StreamExecutionEnvironmentالحياه الفطريه = StreamExecutionEnvironment. getExecutionEnvironment( ) ;
الحياه الفطريه . enableCheckpointing( 60000 ) ; // checkpoint every 60 seconds

KafkaSource< String> source = KafkaSource. < String> builder( )
. setBootstrapServers( "ilum-kafka:9092")
. setTopics( "user-events")
. setGroupId( "flink-datastream")
. setStartingOffsets( OffsetsInitializer. earliest( ) )
. setValueOnlyDeserializer( new SimpleStringSchema( ) )
. build( ) ;

الحياه الفطريه . fromSource( source, WatermarkStrategy. forBoundedOutOfOrderness( Duration. ofSeconds( 5 ) ) , "Kafka Source")
. خريطة ( json -> parseEvent( json) ) // custom parsing logic
. keyBy( event -> event. getUserId( ) )
. window( TumblingEventTimeWindows. من ( Time. minutes( 5 ) ) )
. sum( "amount")
. sinkTo( icebergSink) ; // Iceberg sink connector

الحياه الفطريه . أعدم ( "flink-aggregation-pipeline") ;

Flink provides a native CDC connector that captures database changes directly without requiring a separate Debezium deployment. This simplifies the CDC pipeline from a three-component architecture to two.
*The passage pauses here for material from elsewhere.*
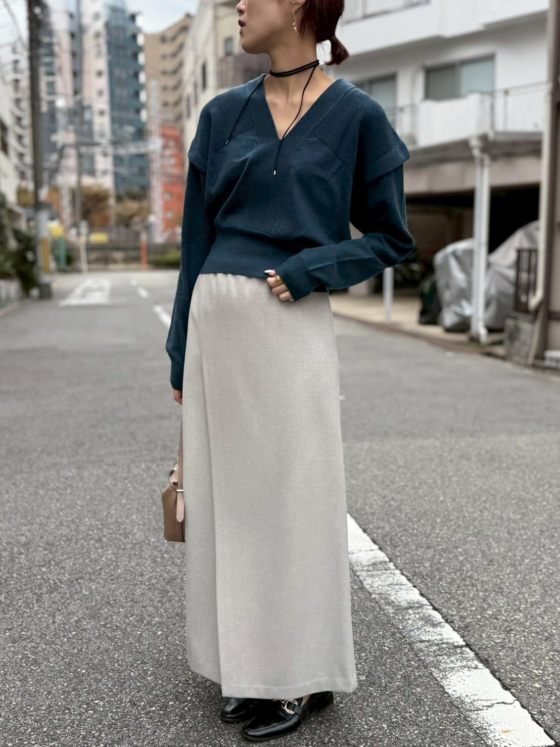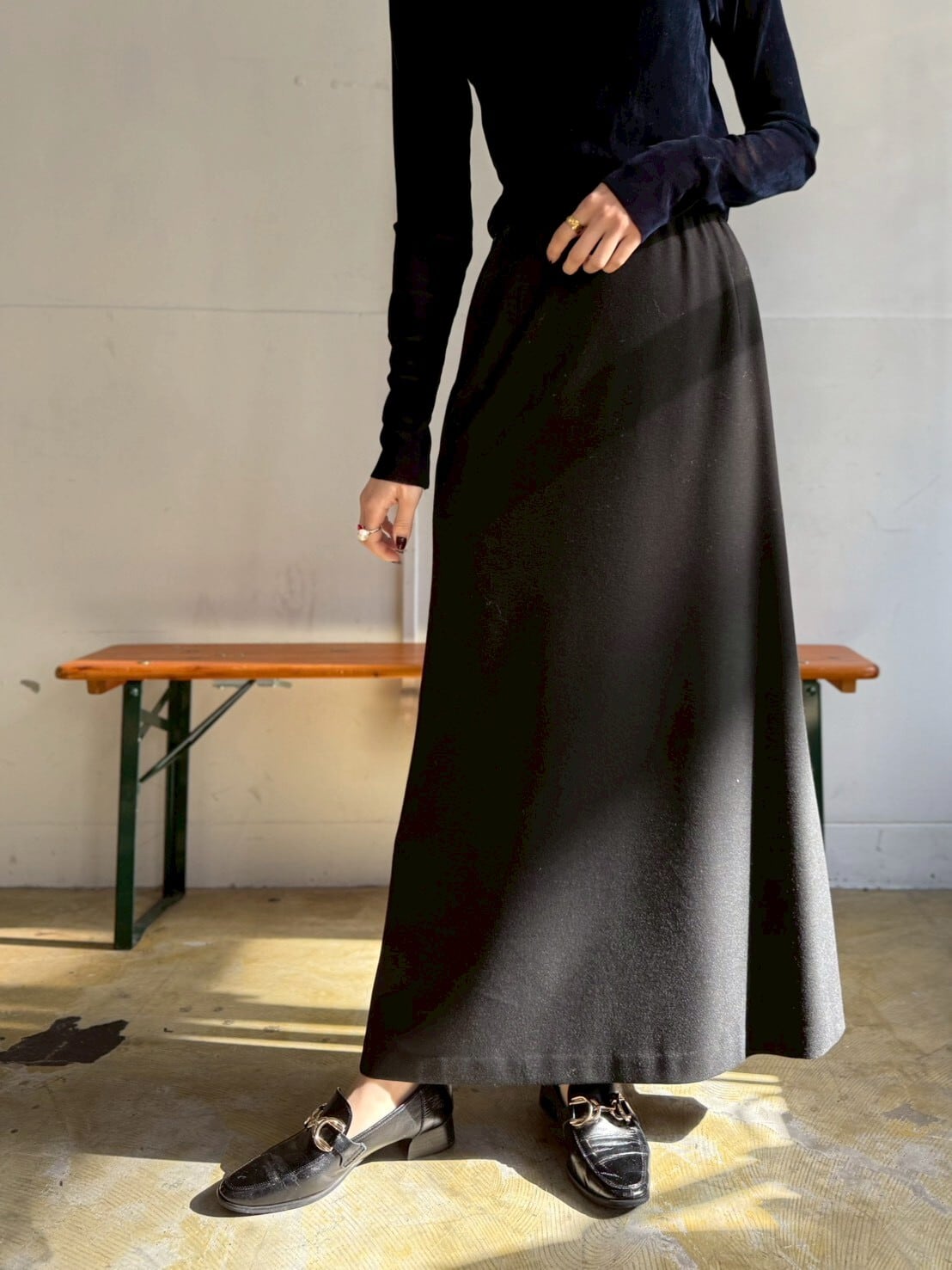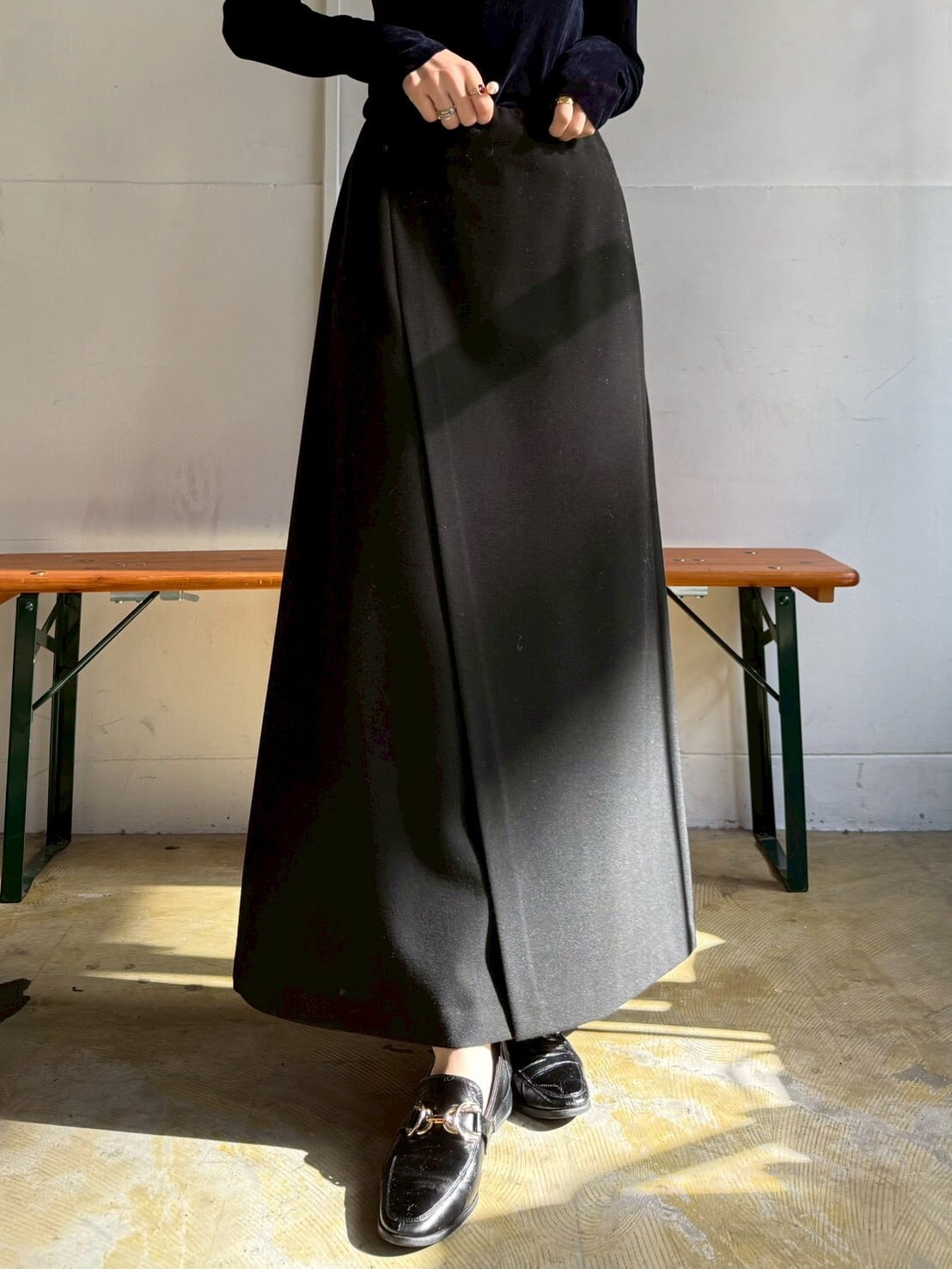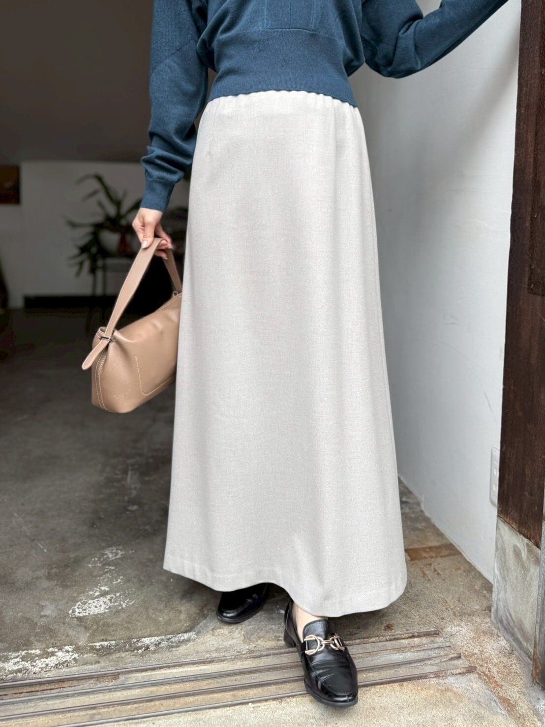 裾に向かって緩やかに広がる 女性らしいシルエット が歩くたび揺れ、ウエスト周りはスッキリしているので トップスをインしたスタイリングも⸝⋆

Source DB --> Flink CDC Connector --> Iceberg/Delta

Flink SQL example with PostgreSQL CDC:

-- Register a CDC source directly from PostgreSQL
خلق جدول orders_cdc (
معرف الباحث ,
customer_id الباحث ,
product STRING,
مبلغ DOUBLE,
updated_at الطابع الزمني ( 3 ) ,
PRIMARY KEY ( معرف ) لا ENFORCED
) WITH (
'connector' = 'postgres-cdc',
'hostname' = 'postgres-host',
'port' = '5432',
'username' = 'cdc_user',
'password' = 'secret',
'database-name' = 'mydb',
'schema-name' = 'public',
'table-name' = 'orders',
'slot.name' = 'flink_orders_slot'
) ;

-- Write changes directly to Iceberg with upsert semantics
أدخل إلى iceberg_orders
اختار معرف , customer_id, product, مبلغ , updated_at
من orders_cdc;
ملاحظه

Flink CDC connectors support PostgreSQL, MySQL, MongoDB, Oracle, and SQL Server. Each connector requires the corresponding Flink CDC library to be included in the job dependencies.
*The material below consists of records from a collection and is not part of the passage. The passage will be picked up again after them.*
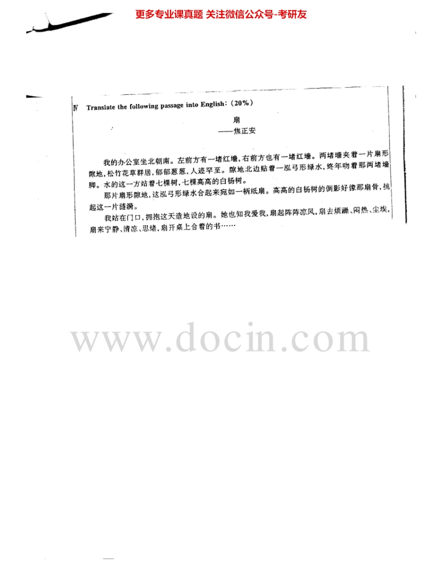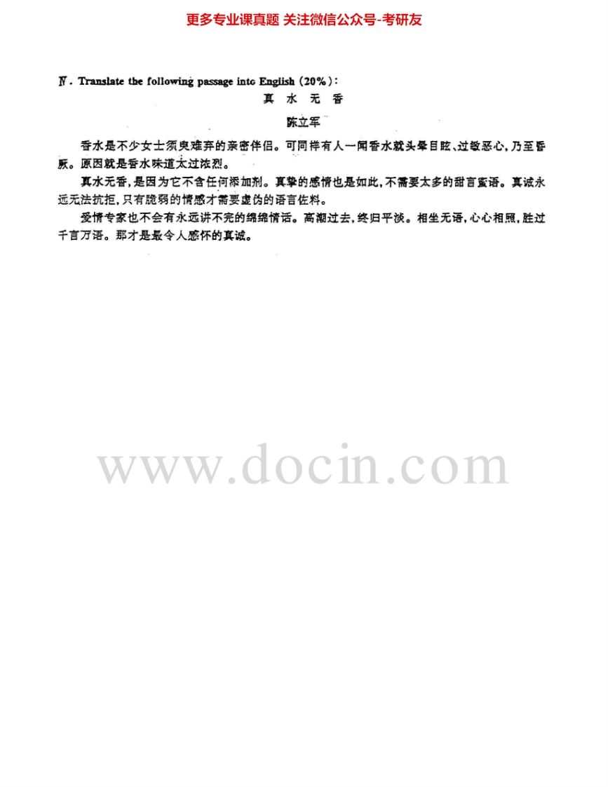 北京外国语大学211翻译硕士英语1997-2003其中2000-2001有答案考研真题汇编.Image.Marked猴哥6个月前发布关注私信4.65MB22页04940北京外国语大学211翻译硕士英语1997-2003其中2000-2001有答案考研真题汇编.Image.Marked此内容为免费资源,请登录后查看¥0 登录查看免费资源 第1页 / 共22页 第2页 / 共22页 第3页 / 共22页 第4页 / 共22页 第5页 / 共22页 该文档为免费文档,您可直接下载完整版进行阅读 © 版权声明文章版权归作者所有,未经允许请勿转载。THE END考研专业课 喜欢就支持一下吧点赞40赞赏 分享QQ空间微博QQ好友海报分享复制链接收藏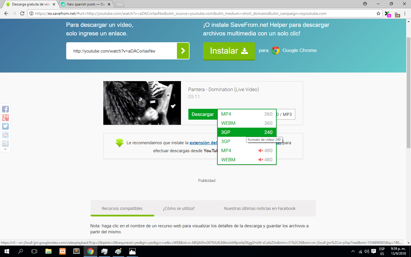 Ahora solo presiona ENTER y te redirigirá a una pagina nueva y solo debes elegir el formato en el cual quieres descargar el video:
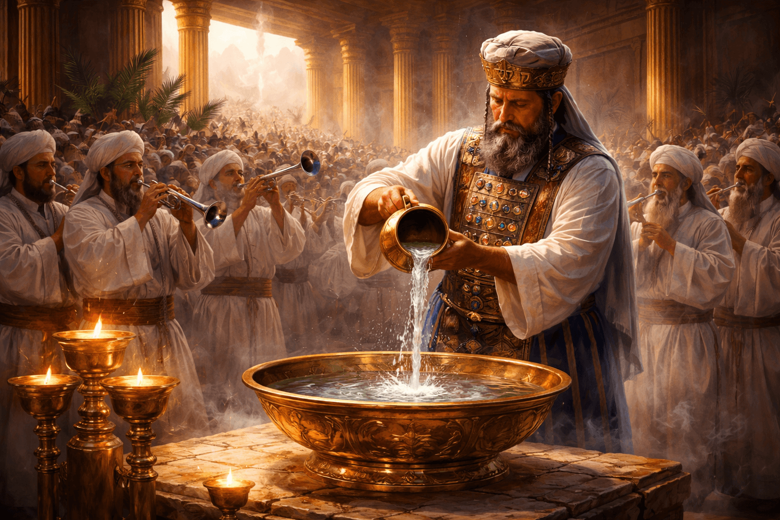 By the time of Jesus, an additional ritual had become part of the celebration—a water-pouring ceremony known as Simchat Beit Hashoavah, the Festival of Water Drawing. Priests would draw water from the Pool of Siloam, carry it to the temple with the sound of the shofar, and pour it out at the altar along with wine. This ceremony marked the beginning of earnest prayers for rain and was filled with great rejoicing.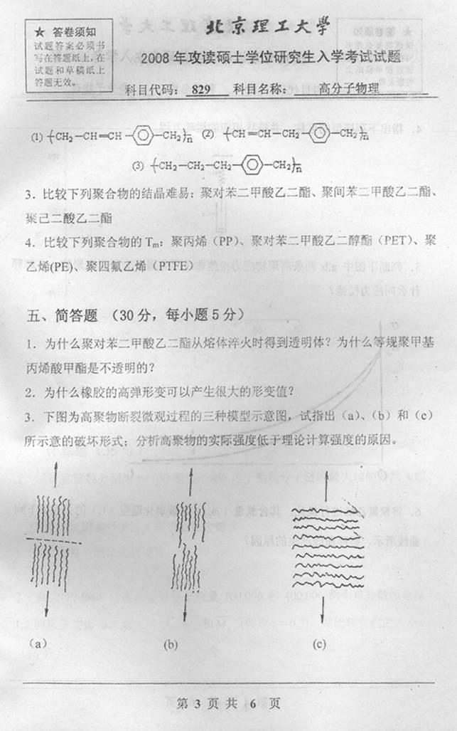2003年北京理工大学429高分子化学及高分子物理考研真题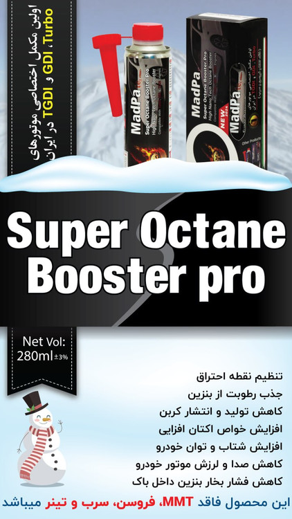 این مکمل سوخت فوق العاده که غالبا برای موتورهای توربو، GDI و تقویت شده استفاده می شود، جدیدترین و قوی ترین محلول نانو تکنولوژی موجود در کشور مخصوص اضافه کردن به داخل باک بنزین می باشد. مدپا سوپر اکتان بوستر یک مکمل بسیار قدرتمند است که در دسته مکمل های شتاب دهنده قرار دارد. این مکمل نانو عدد اکتان قطعی (MON) را تا 4 واحد افزایش می دهد. سوپر اکتان بوستر جدیدترین محصول تولید شده با فناوری نانو می باشد که با قدرت روان کنندگی بالا پس از ترکیب با بنزین باعث روان تر شدن حرکت پیستون داخل سیلندر میشود محلول سوپر اکتان بوستر مدپا با جلوگیری از تولید کربن و دوده و ممانعت از رسوب ناخالصی های بنزین در محفظه احتراق نقش مهمی در محافظت از محفظه داخل سیلندر(محفظه احتراق) و سوپاپ ها (دریچه های سوخت و دود ) و افزایش طول عمر موتور دارد. افطایش شتاب و کاهش ناک موتور از دیگر مزایای این مکمل می باشد. با مصرف این مکمل موتور ماشین خود را بیمه نمایید.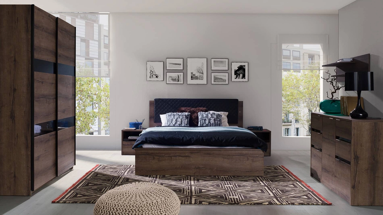 Denver stumdoma spinta su veidrodžiu 150 cm, Monastery ąžuolas / juodas blizgus, moderni spinta, puikiai tinkanti bet kokiam interjero stiliui

Flink achieves exactly-once semantics through its distributed snapshot (Chandy-Lamport) checkpointing algorithm:

  1. Checkpoint barriers flow through the data stream, ensuring consistent state snapshots across all operators.
  2. State backends (RocksDB or heap-based) persist operator state to durable storage (S3/MinIO) on each checkpoint.
  3. Two-phase commit sinks (Kafka, Iceberg) ensure that output records are committed atomically with the checkpoint.
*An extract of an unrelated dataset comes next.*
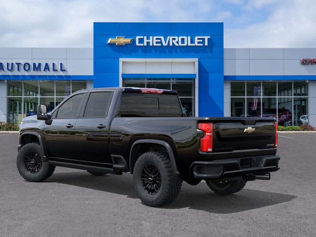 This NEW 2026 Black Chevrolet Silverado 2500HD ZR2 4WD is well equipped and includes these features and benefits: Dark Essentials Package (Black Name Plates), Gooseneck/5th Wheel Prep Package (Black Chevytec Spray-on Bedliner), Preferred Equipment Group 3LT (120-Volt Bed Mounted Power Outlet, 120-Volt Interior Power Outlet, 170 Amp Alternator, All-Weather Floor Liners, Bed View Camera with Two Trailer Camera Provisions, Bluetooth® For Phone, Chevrolet Connected Access Capable, Color-Keyed Carpeting Floor Covering, Compass, Deep-Tinted Glass, Durabed Pickup Bed, Electric Rear-Window Defogger, EZ Lift Power Lock and Release Tailgate, Front Bucket Seats, Front LED Fog Lamps, Front Rain-Sensing Wipers, Heated 2nd Row Outboard Seats, Heated Steering Wheel, High Gloss Black Mirror Caps, Hitch Guidance with Hitch View, in-Vehicle Trailering App System, Keyless Open and Start, LED Cargo Area Lighting, LED Smoked Amber Roof Marker Lamps, Manual Tilt and Telescoping Steering Column, Multi-Flex Tailgate, OnStar Services Capable, Perforated Leather Seat Trim, Power Door Locks, Power Front Windows with Driver Express Up/Down, Power Front Windows with Passenger Express Up/Down, Power Rear Windows with Express Down, Power Sliding Rear Window with Defogger, Push Button Start, Rear Cross Traffic Alert, Rear Wheelhouse Liners, Remote Vehicle Starter System, SiriusXM with 360L Trial Subscription, Steering Wheel Audio Controls, Trailer Camera Provisions, Ultrasonic Front and Rear Park Assist, Unauthorized Entry Theft-Deterrent System, Universal Home Remote, Wi-Fi Hotspot Capable, Wireless Charging, Wireless Phone Projection, and Wrapped Steering Wheel), Snow Plow Prep/Camper Package (220 Amp Alternator), Technology Package (15 Diagonal Multicolor Head-Up Display and Rear Camera Mirror), Up-Level Rear Seat with Storage Package, ZR2 Suspension Package, 10-Speed Automatic, 4WD, Jet Black/Graystone Leather, 10-Way Power Driver Seat Adjuster with Lumbar, 10-Way Power Passenger Seat Adjuster with Lumbar, 4-Wheel Disc Brakes, 7 Speakers, 720 Cold-Cranking Amps Heavy-Duty Battery, ABS brakes, Air Conditioning, Alloy wheels, AM/FM radio: SiriusXM with 360L, Apple CarPlay/Android Auto, Auto High-beam Headlights, Auto-dimming door mirrors, Auto-dimming Rear-View mirror, Automatic temperature control, BOSE Premium 7-Speaker Sound System, Brake assist, Bumpers: chrome, Delay-off headlights, Driver door bin, Driver Memory, Driver vanity mirror, Dual 220-Amp Primary/170-Amp Auxiliary Alternators, Dual front impact airbags, Dual front side impact airbags, Electronic Stability Control, Emergency communication system: OnStar, Engine Block Heater, Exhaust Brake, Floor-Mounted Center Console, Front anti-roll bar, Front Center Armrest, Front dual zone A/C, Front fog lights, Front License Plate Kit, Front reading lights, Front wheel independent suspension, Fully automatic headlights, Garage door transmitter, Heads-Up Display, Heated door mirrors, Heated Driver and Front Outboard Passenger Seating, Heated front seats, Heated rear seats, Heated steering wheel, High Idle Switch, Illuminated entry, Low tire pressure warning, Memory seat, Occupant sensing airbag, Outside temperature display, Overhead airbag, Overhead console, Panic alarm, Passenger door bin, Passenger vanity mirror, Power door mirrors, Power driver seat, Power passenger seat, Power steering, Power Sunroof, Power windows, Power-Retractable Black Assist Steps, Premium audio system: Chevrolet Infotainment 3 Premium, Radio: Chevrolet Infotainment 3 Premium System, Rain sensing wipers, Rear reading lights, Rear seat center armrest, Rear step bumper, Rear window defroster, Remote keyless entry, Security system, Speed control, Speed-sensing steering, Split folding rear seat, Steering wheel mounted audio controls,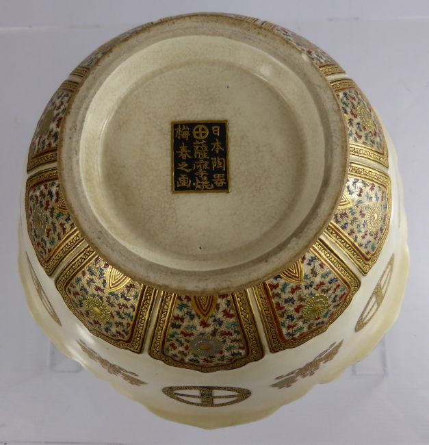 A Japanese Satsuma Bowl, depicting a warrior slaying a bird, character marks to base.

Configure checkpointing in your Flink job:

الحياه الفطريه . enableCheckpointing( 60000 ) ;                           // checkpoint interval (ms)
الحياه الفطريه . getCheckpointConfig( ) . setCheckpointingMode( CheckpointingMode. EXACTLY_ONCE) ;
الحياه الفطريه . getCheckpointConfig( ) . setMinPauseBetweenCheckpoints( 30000) ;
الحياه الفطريه . getCheckpointConfig( ) . setCheckpointStorage( "s3://ilum-data/flink-checkpoints") ;
بقشيش

For Flink SQL jobs, set checkpointing via Flink configuration properties:

execution.checkpointing.interval= 60s
execution.checkpointing.mode= EXACTLY_ONCE
state.checkpoints.dir= s3://ilum-data/flink-checkpoints

Both engines are production-ready for streaming workloads on ilum. Choose based on your requirements:

الجانب Spark Structured StreamingApache Flink
Processing ModelMicro-batch (default) or continuousTrue event-at-a-time
LatencySeconds (micro-batch)Milliseconds
State ManagementLimited by micro-batch boundariesFine-grained, key-partitioned state
WindowingTumbling, sliding, sessionTumbling, sliding, session, custom
Complex Event Processingأساسي Advanced (CEP library)
CDCVia Debezium + KafkaNative CDC connectors
Batch + Stream UnificationStrong (same DataFrame API)Strong (same DataStream/Table API)
Catalog IntegrationHive, Nessie, Unity, Iceberg, Delta, HudiHive, Iceberg
أفضل ل ETL pipelines, unified batch/stream, existing Spark codebasesLow-latency event processing, CEP, native CDC

General guidance:

  • استخدام Spark Structured Streaming when you have existing Spark batch jobs and want a unified batch/streaming codebase, or when micro-batch latency (seconds) is acceptable.
  • استخدام شجاع when you need sub-second latency, complex event processing patterns, native CDC without Debezium, or fine-grained state management with event-time processing.